══ DATASET EXCERPTS

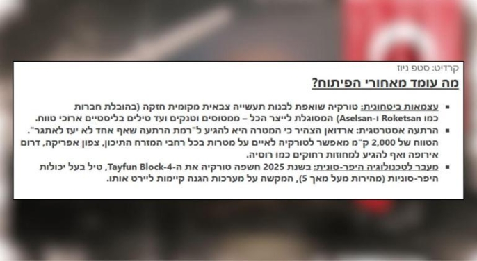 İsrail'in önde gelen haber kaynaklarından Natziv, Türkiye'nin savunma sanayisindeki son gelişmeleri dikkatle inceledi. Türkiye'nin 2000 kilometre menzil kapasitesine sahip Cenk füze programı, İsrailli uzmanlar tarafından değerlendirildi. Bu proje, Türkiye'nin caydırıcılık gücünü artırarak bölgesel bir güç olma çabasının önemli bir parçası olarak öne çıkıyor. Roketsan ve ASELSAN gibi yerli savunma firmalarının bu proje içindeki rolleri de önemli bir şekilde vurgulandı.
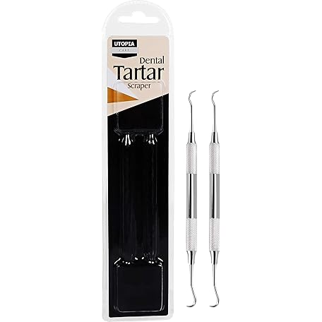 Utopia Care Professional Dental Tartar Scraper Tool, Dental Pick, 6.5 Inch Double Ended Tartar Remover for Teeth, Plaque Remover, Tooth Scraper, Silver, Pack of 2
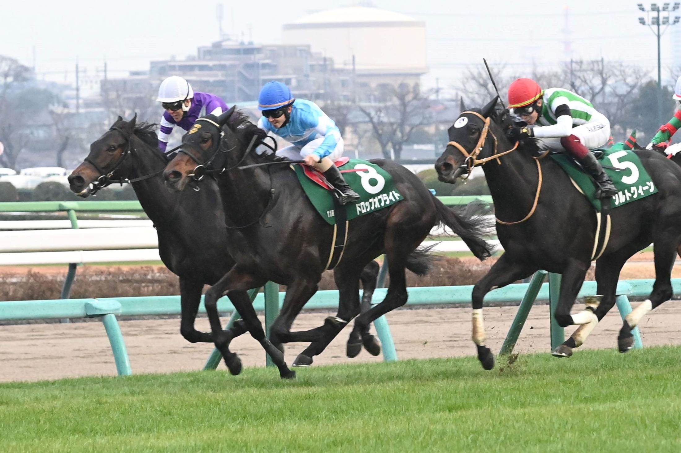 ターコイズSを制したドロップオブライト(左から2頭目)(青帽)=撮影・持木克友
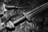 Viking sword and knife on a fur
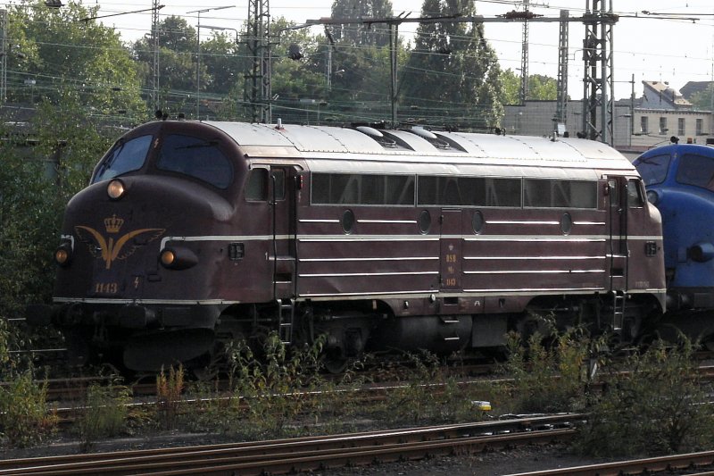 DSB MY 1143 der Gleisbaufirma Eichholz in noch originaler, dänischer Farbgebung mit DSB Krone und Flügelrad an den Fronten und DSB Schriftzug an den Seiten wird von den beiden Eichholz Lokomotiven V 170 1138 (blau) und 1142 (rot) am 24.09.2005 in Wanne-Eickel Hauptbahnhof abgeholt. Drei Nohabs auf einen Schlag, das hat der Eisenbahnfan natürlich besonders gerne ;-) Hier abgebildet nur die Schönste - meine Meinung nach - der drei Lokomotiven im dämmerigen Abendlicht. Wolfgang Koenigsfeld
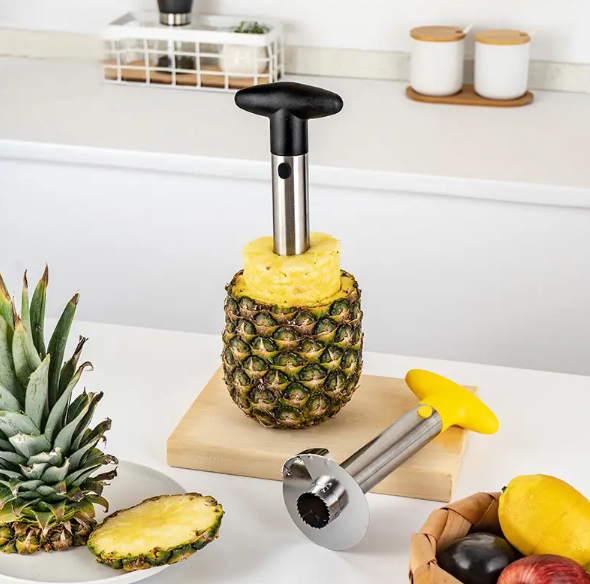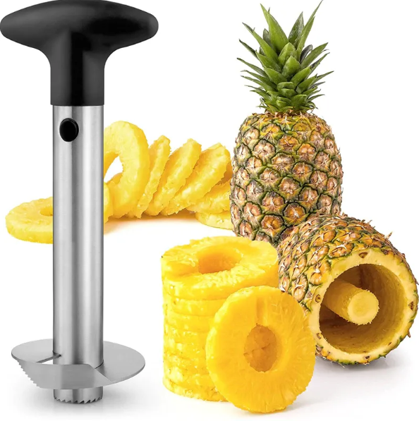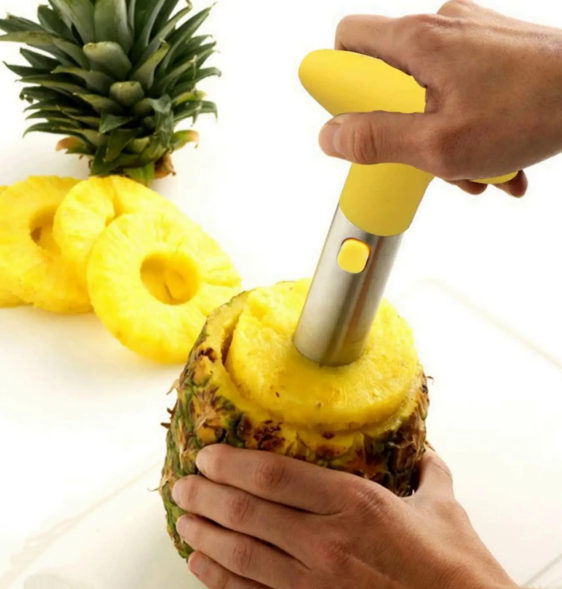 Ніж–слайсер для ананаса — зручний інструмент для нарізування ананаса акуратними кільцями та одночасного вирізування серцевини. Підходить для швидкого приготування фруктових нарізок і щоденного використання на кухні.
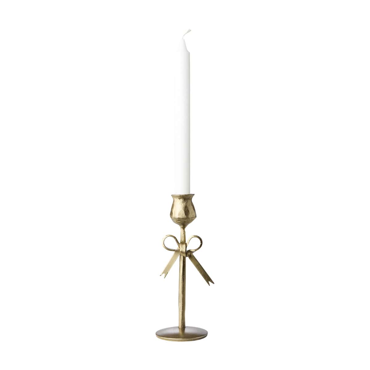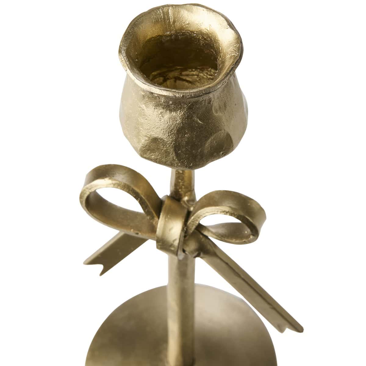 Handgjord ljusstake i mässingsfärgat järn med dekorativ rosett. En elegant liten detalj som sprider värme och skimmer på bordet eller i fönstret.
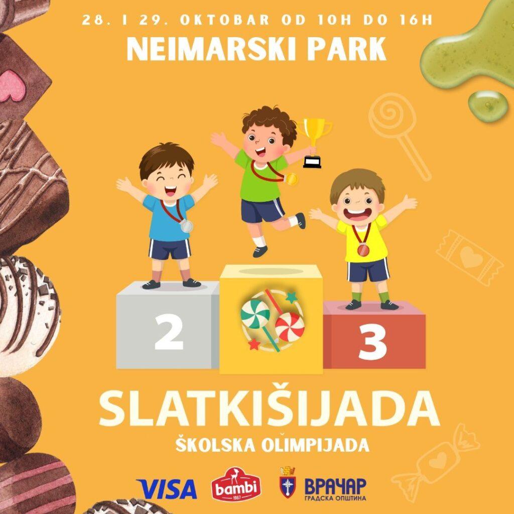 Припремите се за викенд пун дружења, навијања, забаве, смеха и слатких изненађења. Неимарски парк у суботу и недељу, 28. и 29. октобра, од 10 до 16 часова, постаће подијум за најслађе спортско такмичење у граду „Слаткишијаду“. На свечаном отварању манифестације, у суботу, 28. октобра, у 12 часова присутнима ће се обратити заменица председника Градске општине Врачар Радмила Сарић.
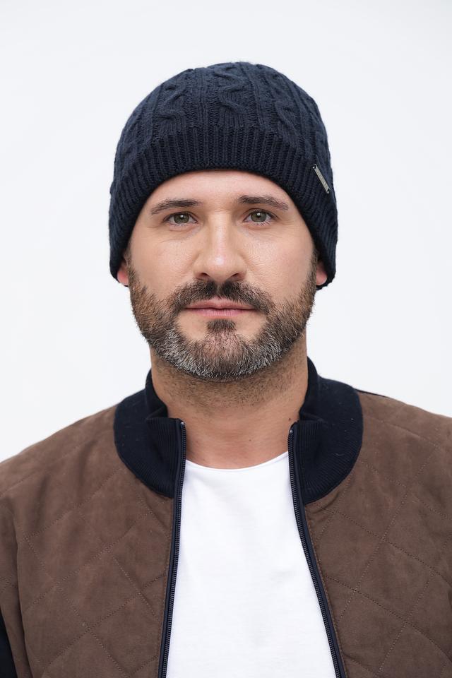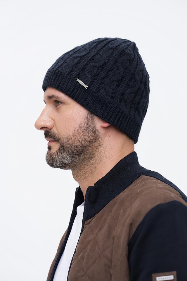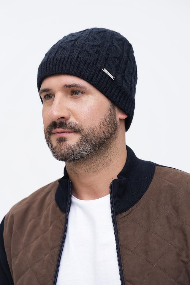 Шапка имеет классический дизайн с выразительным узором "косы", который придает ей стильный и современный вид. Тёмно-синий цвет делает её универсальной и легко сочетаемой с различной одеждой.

════

# REQUIRED ACTION:
Repeat nothing but the lines from the one containing "Handgjord ljusstake i" through the last line of the listing, both included, exactly as written, and omit any picture.

# YOUR SOLUTION:
 Handgjord ljusstake i mässingsfärgat järn med dekorativ rosett. En elegant liten detalj som sprider värme och skimmer på bordet eller i fönstret.
 Припремите се за викенд пун дружења, навијања, забаве, смеха и слатких изненађења. Неимарски парк у суботу и недељу, 28. и 29. октобра, од 10 до 16 часова, постаће подијум за најслађе спортско такмичење у граду „Слаткишијаду“. На свечаном отварању манифестације, у суботу, 28. октобра, у 12 часова присутнима ће се обратити заменица председника Градске општине Врачар Радмила Сарић.
 Шапка имеет классический дизайн с выразительным узором "косы", который придает ей стильный и современный вид. Тёмно-синий цвет делает её универсальной и легко сочетаемой с различной одеждой.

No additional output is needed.